- MATERIAL FOR THE TASK -
'''
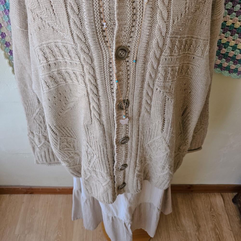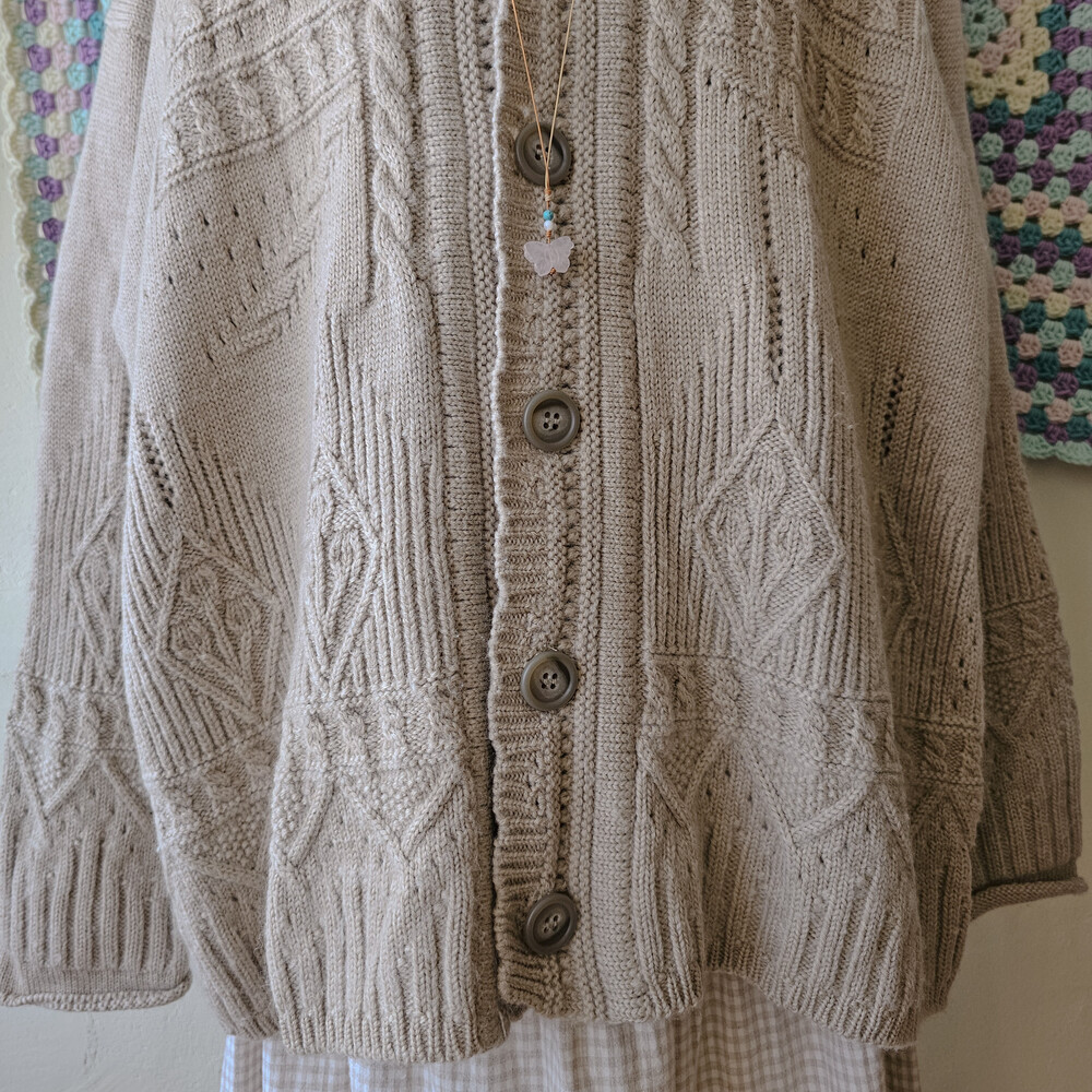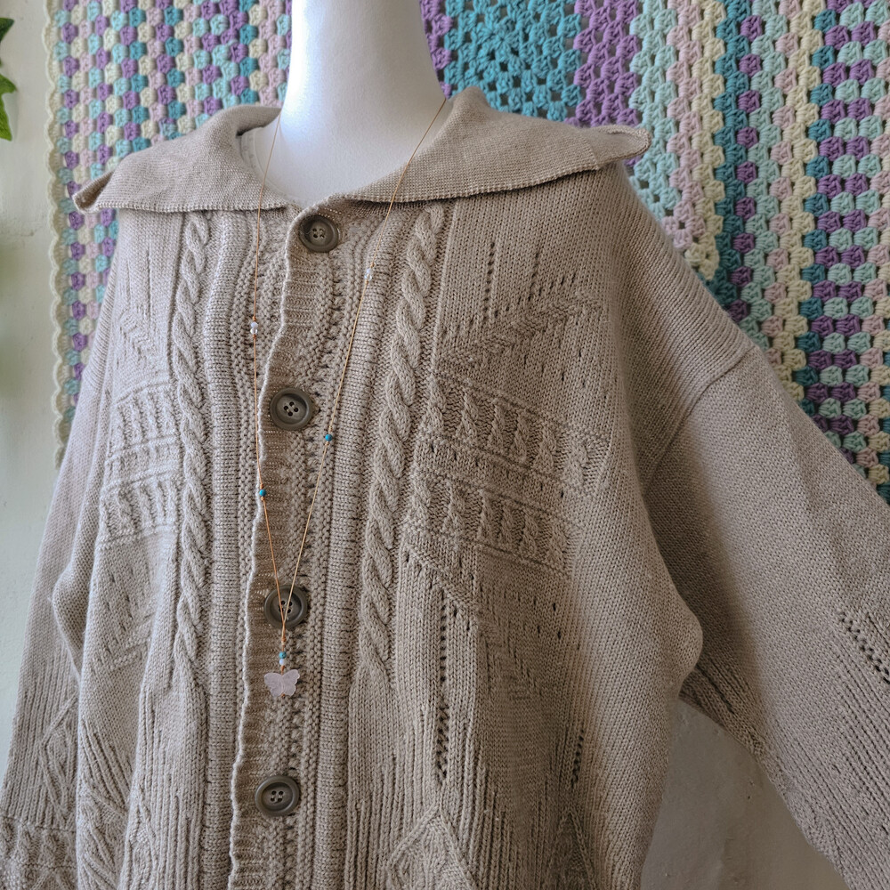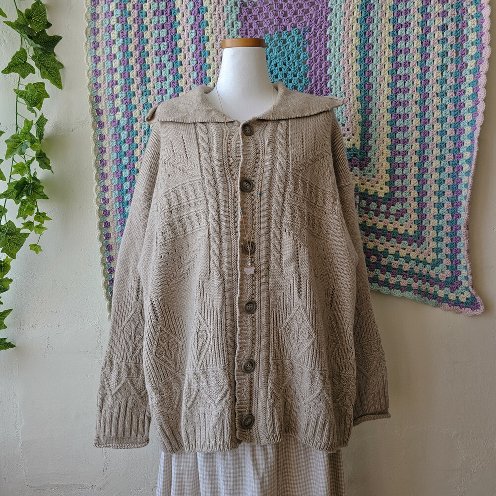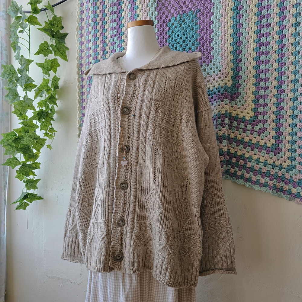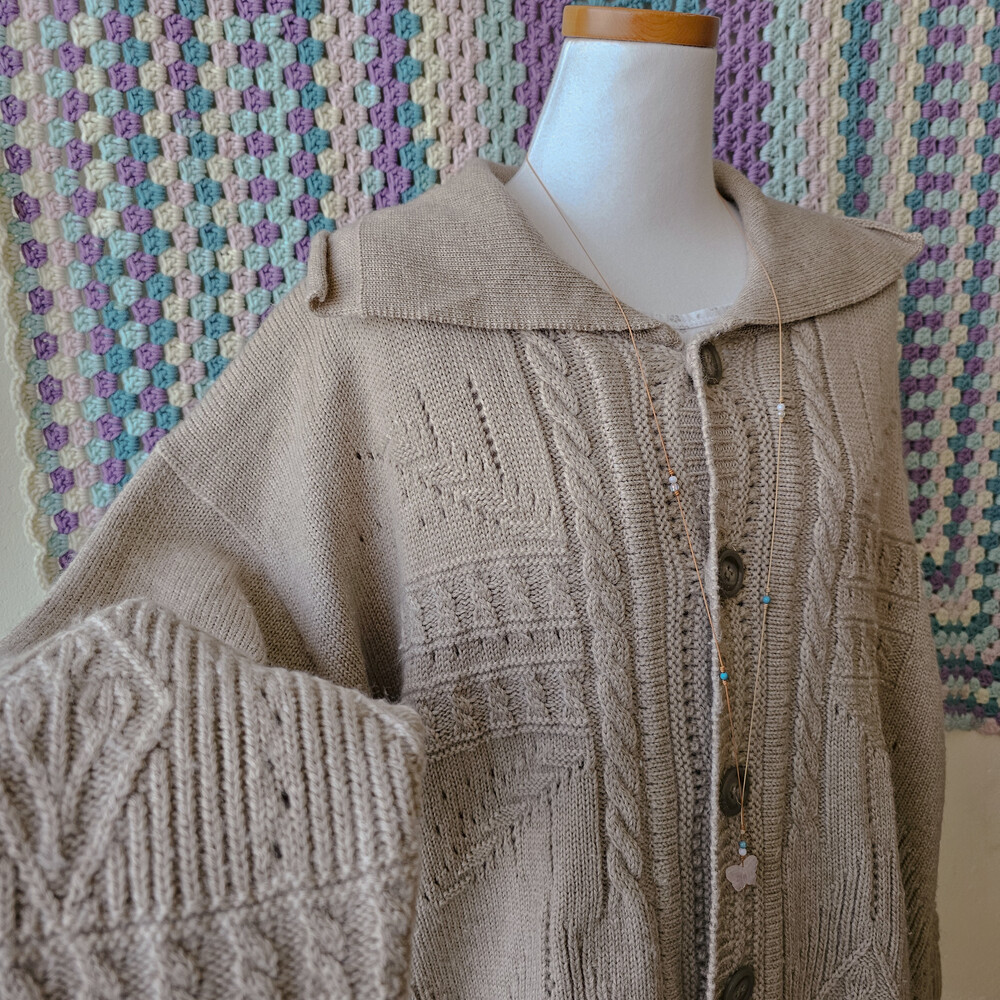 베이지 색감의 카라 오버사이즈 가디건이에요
'''
'''
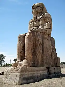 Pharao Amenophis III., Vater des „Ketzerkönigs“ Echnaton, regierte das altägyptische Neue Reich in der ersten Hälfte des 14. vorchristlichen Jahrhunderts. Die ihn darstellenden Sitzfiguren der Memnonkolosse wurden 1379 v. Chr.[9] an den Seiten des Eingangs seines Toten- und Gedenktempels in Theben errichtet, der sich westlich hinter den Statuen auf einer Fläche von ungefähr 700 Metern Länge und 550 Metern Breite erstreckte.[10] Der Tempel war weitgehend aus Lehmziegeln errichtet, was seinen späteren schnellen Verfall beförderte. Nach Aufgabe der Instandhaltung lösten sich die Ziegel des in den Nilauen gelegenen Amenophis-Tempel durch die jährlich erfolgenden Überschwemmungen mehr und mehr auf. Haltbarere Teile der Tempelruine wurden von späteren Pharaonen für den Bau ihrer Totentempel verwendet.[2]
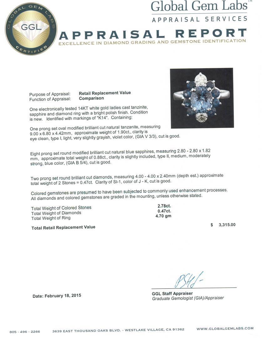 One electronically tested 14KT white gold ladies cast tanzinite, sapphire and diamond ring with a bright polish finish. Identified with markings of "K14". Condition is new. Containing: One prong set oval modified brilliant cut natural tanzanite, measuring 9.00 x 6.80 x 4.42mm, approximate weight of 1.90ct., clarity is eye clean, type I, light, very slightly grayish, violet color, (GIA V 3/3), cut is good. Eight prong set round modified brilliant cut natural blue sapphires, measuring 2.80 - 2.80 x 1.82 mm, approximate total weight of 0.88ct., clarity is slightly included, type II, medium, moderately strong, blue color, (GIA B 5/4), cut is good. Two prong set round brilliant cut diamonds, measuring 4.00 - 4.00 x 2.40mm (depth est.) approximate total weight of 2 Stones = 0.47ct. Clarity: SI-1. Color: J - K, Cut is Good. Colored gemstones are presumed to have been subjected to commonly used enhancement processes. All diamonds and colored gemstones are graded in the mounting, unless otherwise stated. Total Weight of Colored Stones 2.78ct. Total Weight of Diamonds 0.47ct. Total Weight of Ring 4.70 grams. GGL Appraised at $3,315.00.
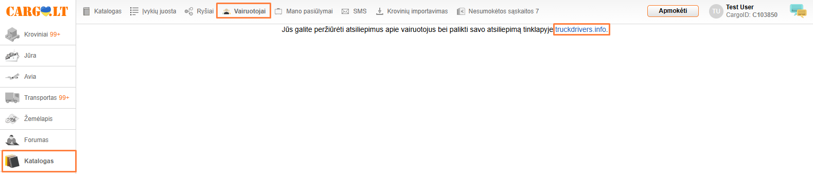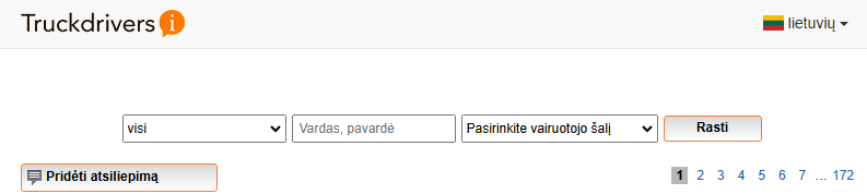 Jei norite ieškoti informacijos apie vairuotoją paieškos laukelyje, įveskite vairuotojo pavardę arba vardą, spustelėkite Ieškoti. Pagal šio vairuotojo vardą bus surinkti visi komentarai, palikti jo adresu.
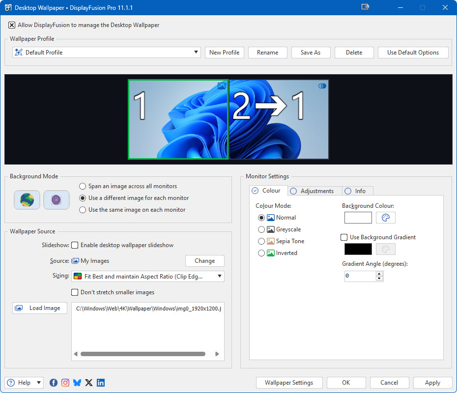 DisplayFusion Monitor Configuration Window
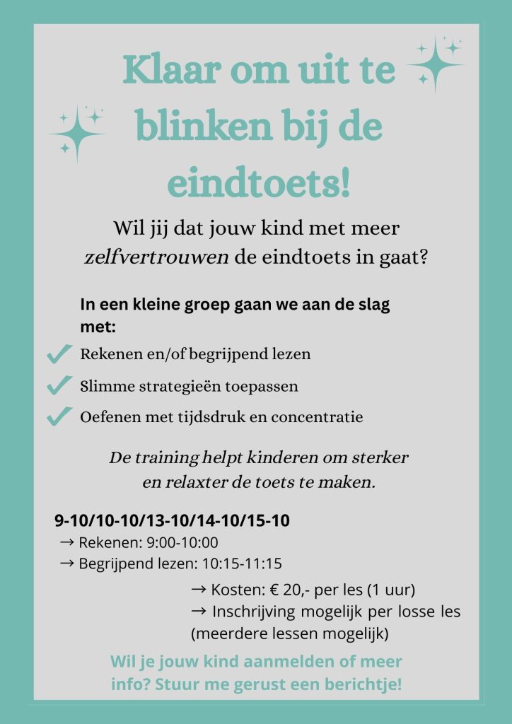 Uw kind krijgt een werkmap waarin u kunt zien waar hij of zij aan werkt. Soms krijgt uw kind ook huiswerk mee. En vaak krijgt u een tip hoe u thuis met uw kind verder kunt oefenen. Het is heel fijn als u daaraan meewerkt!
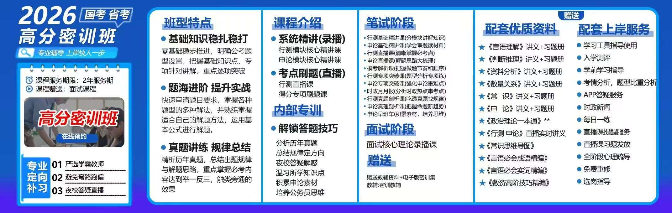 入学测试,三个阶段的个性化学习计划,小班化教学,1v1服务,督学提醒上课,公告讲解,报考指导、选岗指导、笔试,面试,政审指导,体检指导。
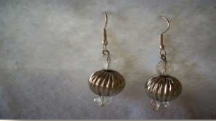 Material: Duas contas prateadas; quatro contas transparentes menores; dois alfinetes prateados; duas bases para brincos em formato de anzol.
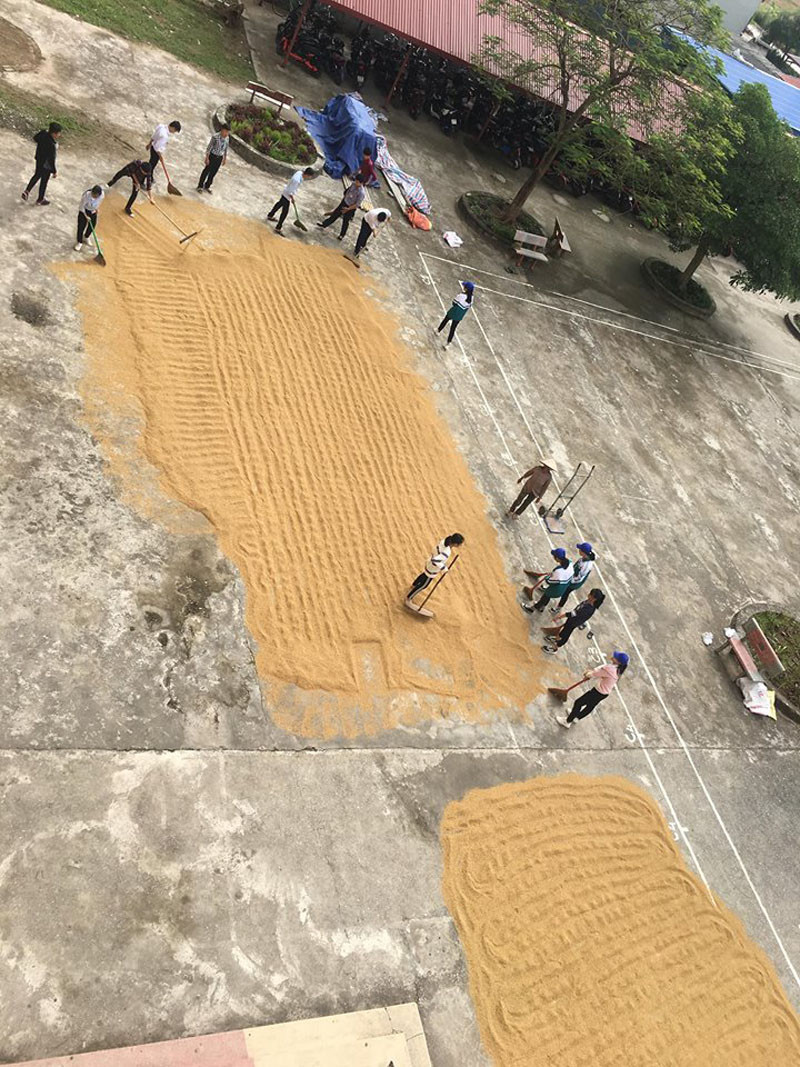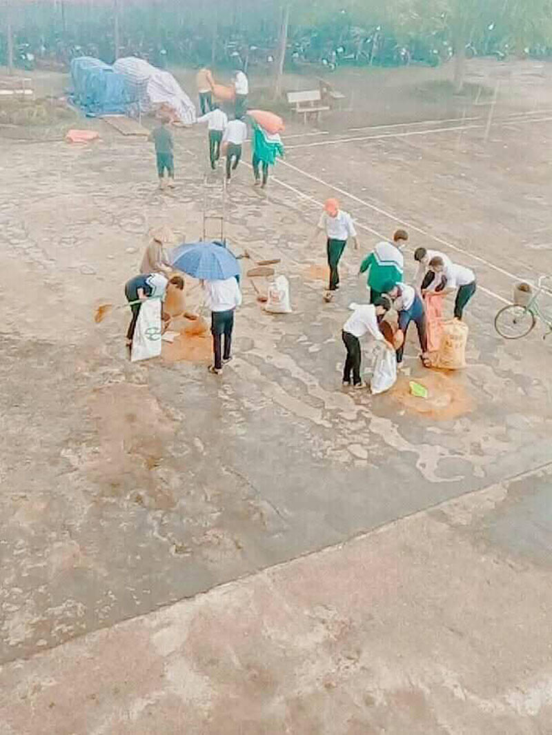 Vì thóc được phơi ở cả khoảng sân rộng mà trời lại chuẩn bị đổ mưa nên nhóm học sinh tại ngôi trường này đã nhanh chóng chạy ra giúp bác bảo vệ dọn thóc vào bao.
'''
With the pictures omitted, print the lines above exactly, beginning at the line with "One electronically tested" and going on through the line with "Vì thóc được".

- ANSWER TO THE EXERCISE -
 One electronically tested 14KT white gold ladies cast tanzinite, sapphire and diamond ring with a bright polish finish. Identified with markings of "K14". Condition is new. Containing: One prong set oval modified brilliant cut natural tanzanite, measuring 9.00 x 6.80 x 4.42mm, approximate weight of 1.90ct., clarity is eye clean, type I, light, very slightly grayish, violet color, (GIA V 3/3), cut is good. Eight prong set round modified brilliant cut natural blue sapphires, measuring 2.80 - 2.80 x 1.82 mm, approximate total weight of 0.88ct., clarity is slightly included, type II, medium, moderately strong, blue color, (GIA B 5/4), cut is good. Two prong set round brilliant cut diamonds, measuring 4.00 - 4.00 x 2.40mm (depth est.) approximate total weight of 2 Stones = 0.47ct. Clarity: SI-1. Color: J - K, Cut is Good. Colored gemstones are presumed to have been subjected to commonly used enhancement processes. All diamonds and colored gemstones are graded in the mounting, unless otherwise stated. Total Weight of Colored Stones 2.78ct. Total Weight of Diamonds 0.47ct. Total Weight of Ring 4.70 grams. GGL Appraised at $3,315.00.
 Jei norite ieškoti informacijos apie vairuotoją paieškos laukelyje, įveskite vairuotojo pavardę arba vardą, spustelėkite Ieškoti. Pagal šio vairuotojo vardą bus surinkti visi komentarai, palikti jo adresu.
 DisplayFusion Monitor Configuration Window
 Uw kind krijgt een werkmap waarin u kunt zien waar hij of zij aan werkt. Soms krijgt uw kind ook huiswerk mee. En vaak krijgt u een tip hoe u thuis met uw kind verder kunt oefenen. Het is heel fijn als u daaraan meewerkt!
 入学测试,三个阶段的个性化学习计划,小班化教学,1v1服务,督学提醒上课,公告讲解,报考指导、选岗指导、笔试,面试,政审指导,体检指导。
 Material: Duas contas prateadas; quatro contas transparentes menores; dois alfinetes prateados; duas bases para brincos em formato de anzol.
 Vì thóc được phơi ở cả khoảng sân rộng mà trời lại chuẩn bị đổ mưa nên nhóm học sinh tại ngôi trường này đã nhanh chóng chạy ra giúp bác bảo vệ dọn thóc vào bao.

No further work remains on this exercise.